Mutual fund investments have gained momentum among Indian investors in the recent past. More and more people are shifting from traditional investment avenues to mutual funds for a wide number of reasons. First of all, these, are a pool of professionally managed funds that offer active risk management. Historically mutual funds have offered far better returns are compared to conservative schemes. And with falling interest rates, there’s no point of investing in bank FDs or similar schemes as you hardly earn any interest on the investment amount. On the other hand, mutual funds have historically offered far better capital appreciation as compared to conservative investment schemes. Mutual fund houses collect money from investors sharing a common investment objective and invest this pool of funds across Indian and foreign economies. Depending on the nature of the scheme and its investment objective a mutual fund may invest across various money market instruments like company stocks, corporate bonds, government securities, commercial papers, company fixed deposits, etc.
The performance of a mutual fund depends on the performance of its underlying assets and all the sectors and industries in which it invests. Market regulator SEBI (Securities and Exchange Board of India) has classified mutual funds to bring all similar schemes under one umbrella. Also, fund houses cannot offer more than one scheme in the same category for investors to avoid further confusion when making an investment decision.
What are corporate bond funds?
Mutual funds are categorized by SEBI has on the schemes’ unique attributes like asset allocation strategy, its underlying index, risk profile, investment strategy, etc. Some of the most common categories in mutual funds include equity, debt, hybrid, solution oriented, ETFs and gold. While equity schemes are known to be highly volatile in nature, debt schemes are considered by investors to provide cushion and diversification for their mutual fund portfolio.
Debt mutual funds are open ended schemes which aim at generating capital appreciation by investing in fixed income securities. Corporate bond funds are debt schemes which invest in company bonds for income generation. Whenever companies need funds for taking care of their recurring expenses like marketing and advertising, they sell out bonds. Companies prefer corporate bonds over bank loans as the credit risk associated with them is lower.
What are some of the features and benefits of corporate bond funds?
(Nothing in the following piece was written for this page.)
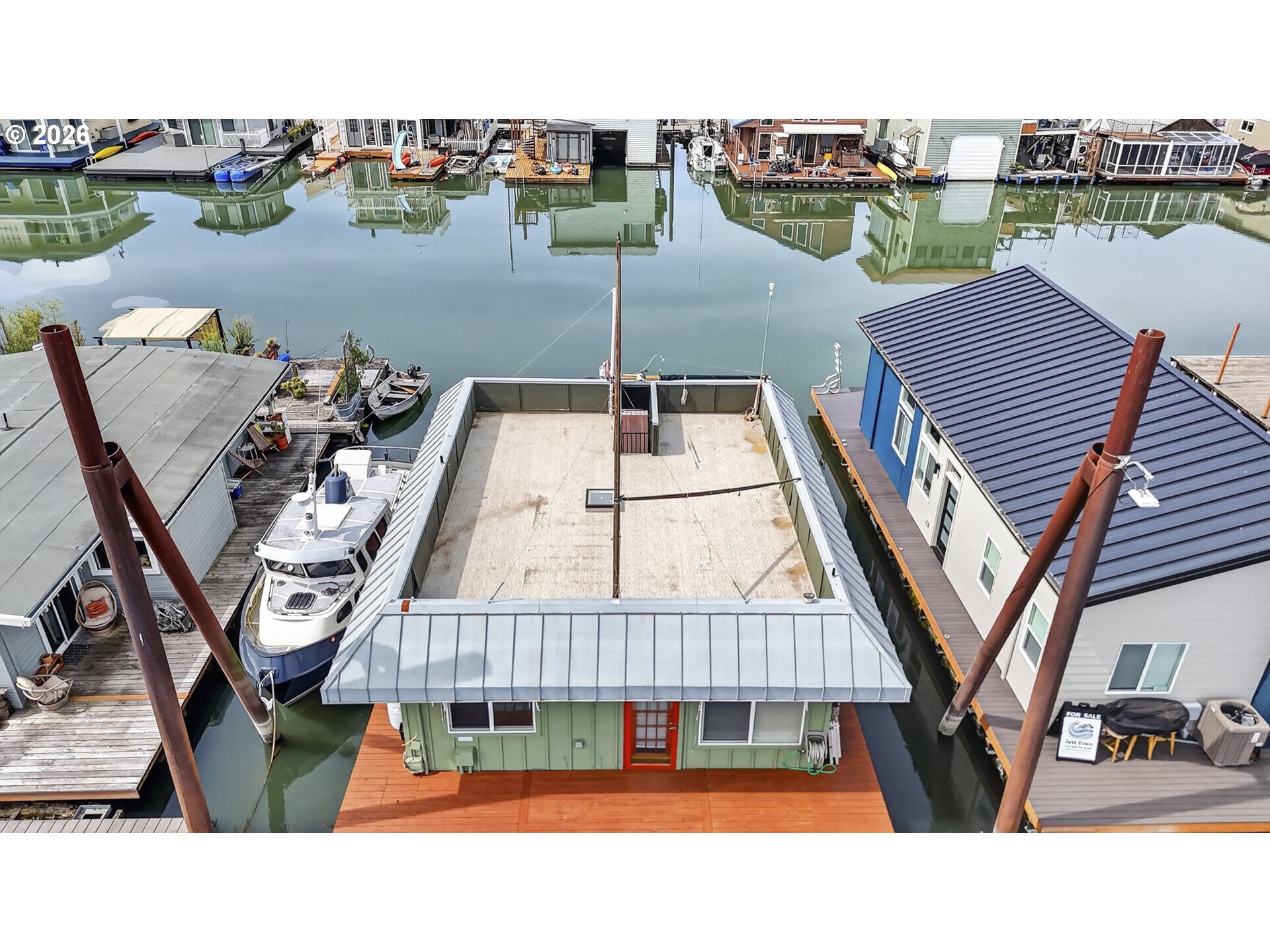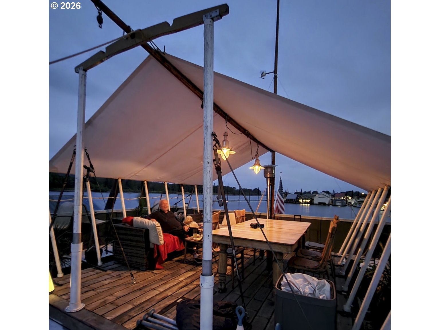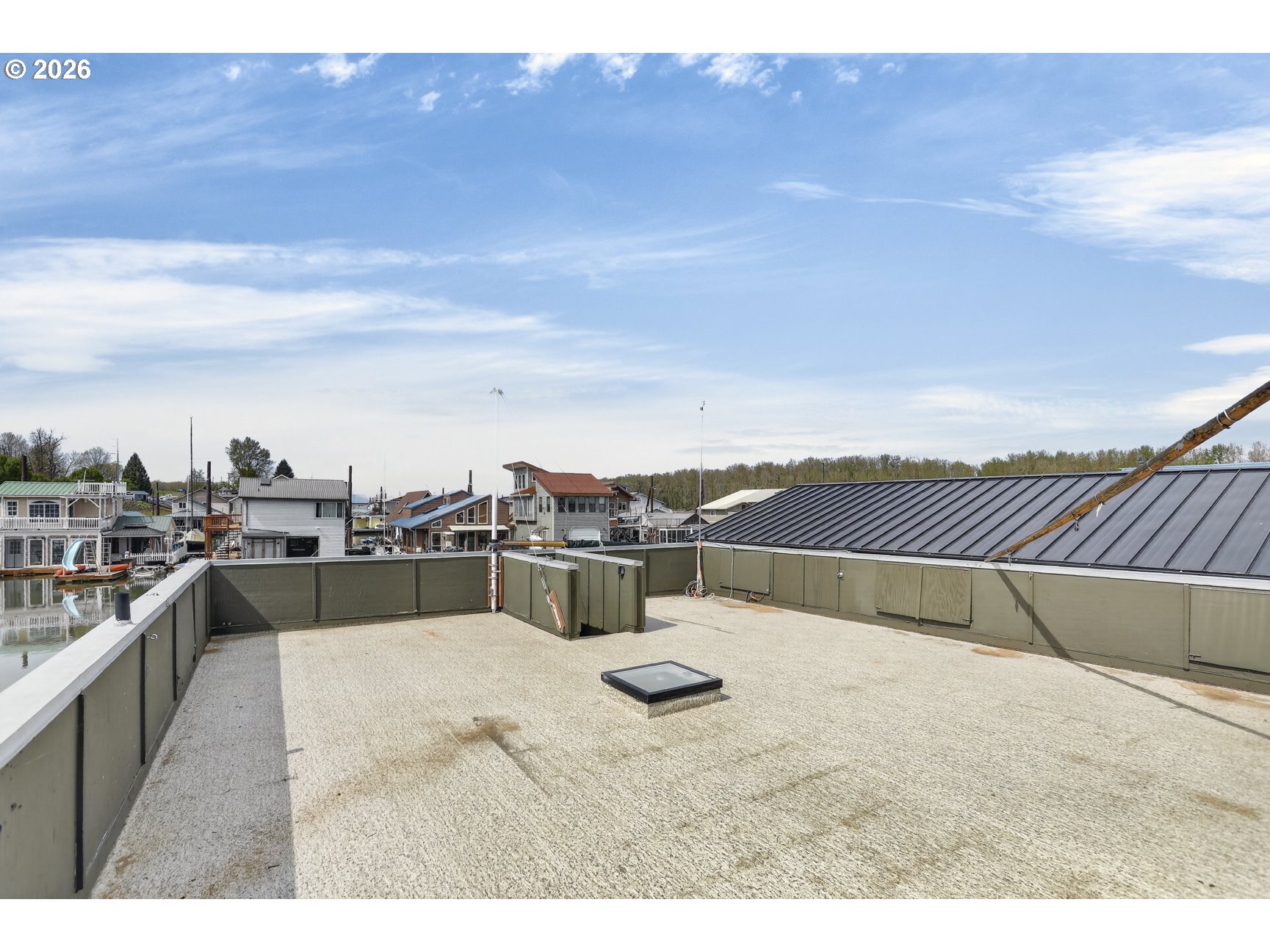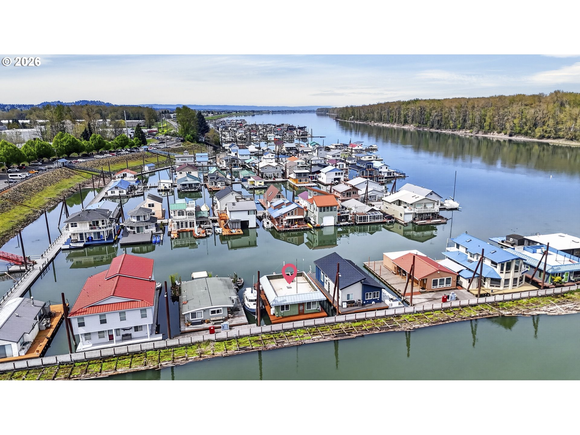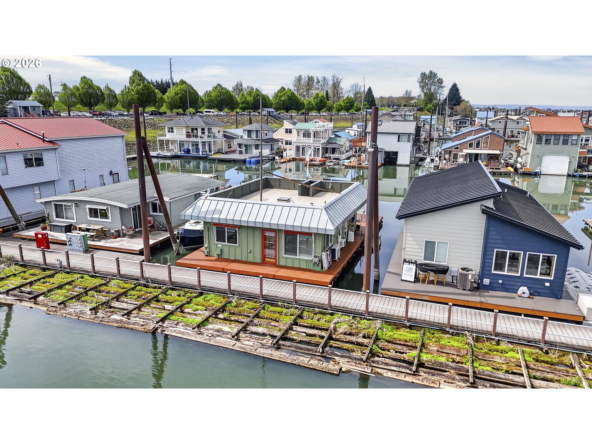 Rare A row view slip with unobstructed sunrise views to the East! Take in 360 degree river, island, & territorial views from the incredible roof top deck with new membrane roof in 2025' with transferrable warranty! This cozy custom style home lives large for its size with 2 full bathrooms and 2 bedrooms (2nd bedroom non-conforming / no closet), a well-appointed kitchen, and loads of outdoor space which is what river living is all about! The updated kitchen comes with a complete appliance package, granite countertops, and an eating bar with room for a small dinette. Downsizing, condo alternative, or simply looking to get on the river at an affordable price? How about in an ownership moorage with one-of-a-kind views and turn-key living? This may be the home you've been waiting for! Cash only due to float condition, perfectly livable as-is for years to come or complete float repairs for ability to refinance and solid for decades. Over $45k in recent upgrades to include: New membrane roof, newer deck boards, newer swim float, interior upgrades. A true highlight of this home is the ample outdoor space including a roof top deck with 360 degree river, island, & sunrise views to the East! Unique nautical themed mast & Boom set up on the roof deck for sheltered summertime sleeping quarters... a heavenly spot to lay one's head to rest & awake to the sunrise & the sounds of area wildlife. Loads of value here in a premium slip location & owned slip, room to park your boat and watercraft with no added moorage fees, & loads of outdoor space! All for under $280k with low taxes at $1105yr & your river lifestyle aspirations can be achieved!

Those investors who seek capital appreciation over the short term may consider investing in corporate bond funds. That’s because apart from investing in bonds, corporate bond funds also invest in debt instruments and fixed income securities. Investors targeting short term financial goals may consider investing in corporate bond funds. Another great benefit of corporate bond funds is that investors can buy or sell their corporate bond fund units at any given times. Like most debt schemes, corporate bond funds are known to be highly liquid in nature. In case of a financial emergency, investors can easily liquidate their fund units which may not be the case in certain investment schemes like ELSS which comes with a three year lock-in period.
Investors who are new to mutual funds can consider starting a SIP in corporate bond funds. Systematic Investment Plan is an easy and convenient way to invest in corporate bond funds. If you are a KYC compliant individual, you can invest in corporate bond funds via SIP from the comfort of your home using a laptop or smartphone and a decent internet connection. Investors can also refer to an online SIP calculator to determine how much money you need to invest at regular intervals in order to get closer your targeted financial goal. Also, it is better to consult a financial advisor before investing.